Data items
━━━━━━━━━━━━━━━━━━━━
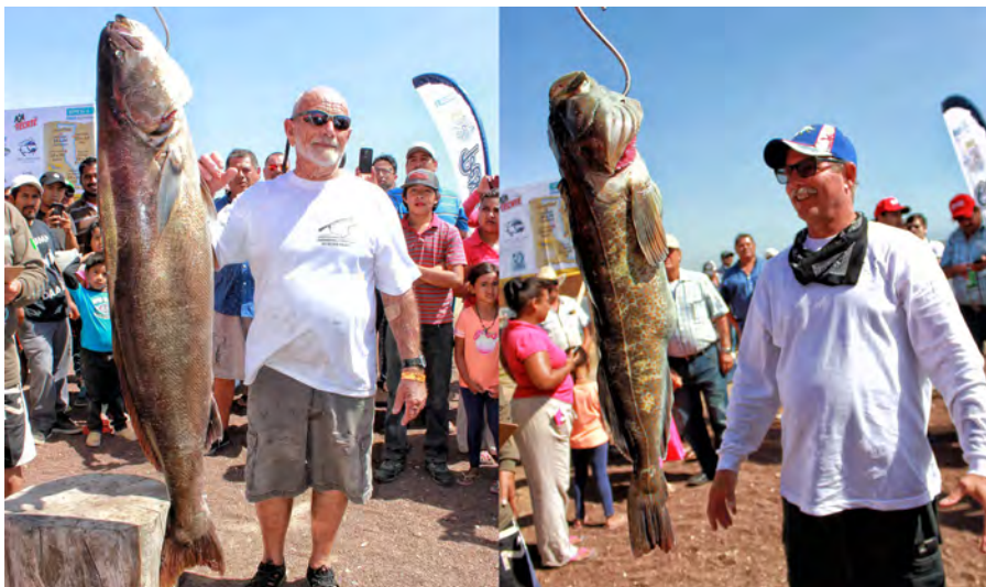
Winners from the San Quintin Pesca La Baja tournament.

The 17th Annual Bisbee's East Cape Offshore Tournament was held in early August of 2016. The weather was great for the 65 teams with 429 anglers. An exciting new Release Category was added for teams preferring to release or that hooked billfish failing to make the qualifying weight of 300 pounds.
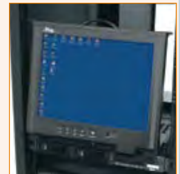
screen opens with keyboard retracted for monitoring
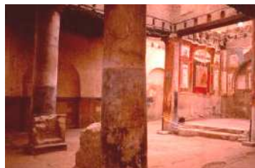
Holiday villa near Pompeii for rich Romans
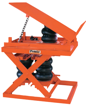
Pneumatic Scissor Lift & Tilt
━━━━━━━━━━━━━━━━━━━━
Pictures aside, set down the lines from the one containing "Holiday villa near Pompeii for rich Romans" through the end of the records above, exactly and only those.

Holiday villa near Pompeii for rich Romans
Pneumatic Scissor Lift & Tilt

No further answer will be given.